23.1. We will first briefly touch upon the law applicable for deciding an application under Order 7 Rule 11 CPC, which reads as under:
―11. Rejection of plaint.--The plaint shall be rejected in the following cases--
(a) where it does not disclose a cause of action;
(b) where the relief claimed is undervalued, and the plaintiff, on being required by the court to correct the valuation within a time to be fixed by the court, fails to do so;
(c) where the relief claimed is properly valued but the plaint is written upon paper insufficiently stamped, and the plaintiff, on being required by the court to supply the requisite stamp paper within a time to be fixed by the court, fails to do so;
(d) where the suit appears from the statement in the plaint to be barred by any law;
(e) where it is not filed in duplicate;
(f) where the plaintiff fails to comply with the provisions of Rule 9:
Provided that the time fixed by the court for the correction of the valuation or supplying of the requisite stamp-papers shall not be extended unless the court, for reasons to be recorded, is satisfied that the plaintiff was prevented by any cause of an exceptional nature from correcting the valuation or supplying the requisite stamp-papers, as the case may be, within the time fixed by the court and that refusal to extend such time would cause grave injustice to the plaintiff.‖ (emphasis supplied) 23.2. The remedy under Order 7 Rule 11 is an independent and special remedy, wherein the court is empowered to summarily dismiss a suit at the threshold, without proceeding to record evidence, and conducting a trial, on the basis of the evidence adduced, if it is satisfied that the action should be terminated on any of the grounds contained in this provision.

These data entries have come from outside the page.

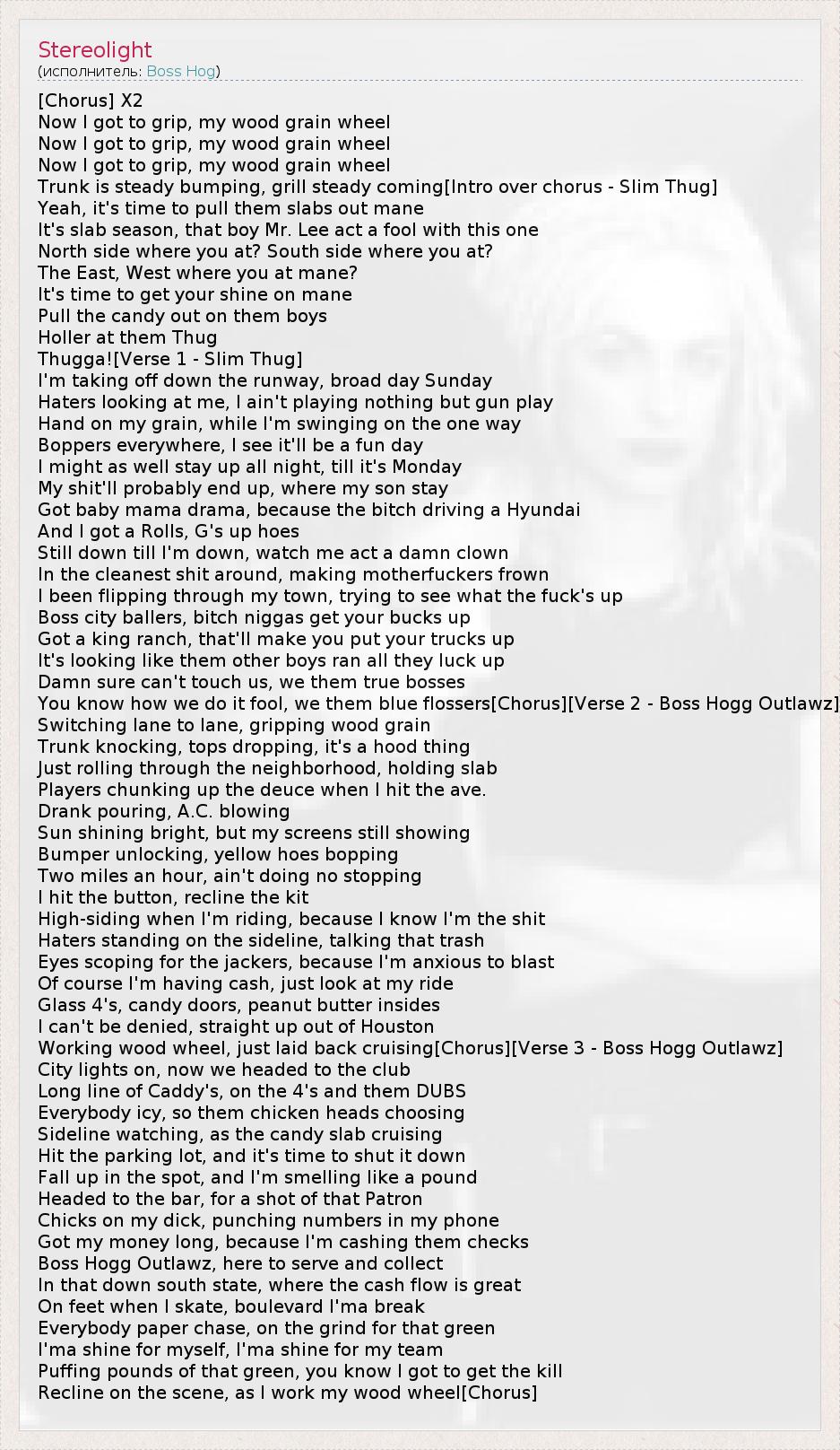 Working wood wheel, just laid back cruising[Chorus][Verse 3 - Boss Hogg Outlawz]
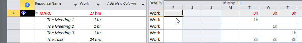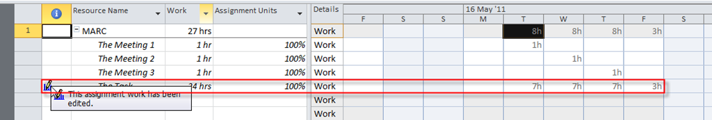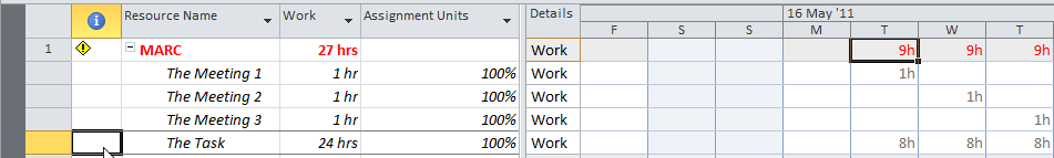 Another way of resolving over allocation for MARC is to add the Assignment Units column in the Resource usage View:
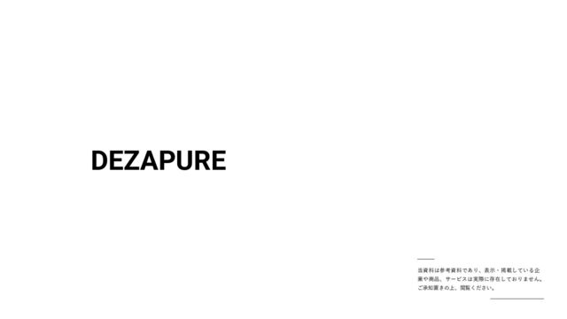 DEZAPURE 当資料は参考資料であり、表⽰・掲載している企 業や商品、サービスは実際に存在しておりません。 ご承知置きの上、閲覧ください。

23.3. The underlying object of Order 7 Rule 11(a) is that if in a suit, no cause of action is disclosed, or the suit is barred by limitation under Rule 11(d), the court would not permit the plaintiff to unnecessarily
protract the proceedings in the suit. In such a case, it would be necessary to put an end to the sham litigation, so that further judicial time is not wasted.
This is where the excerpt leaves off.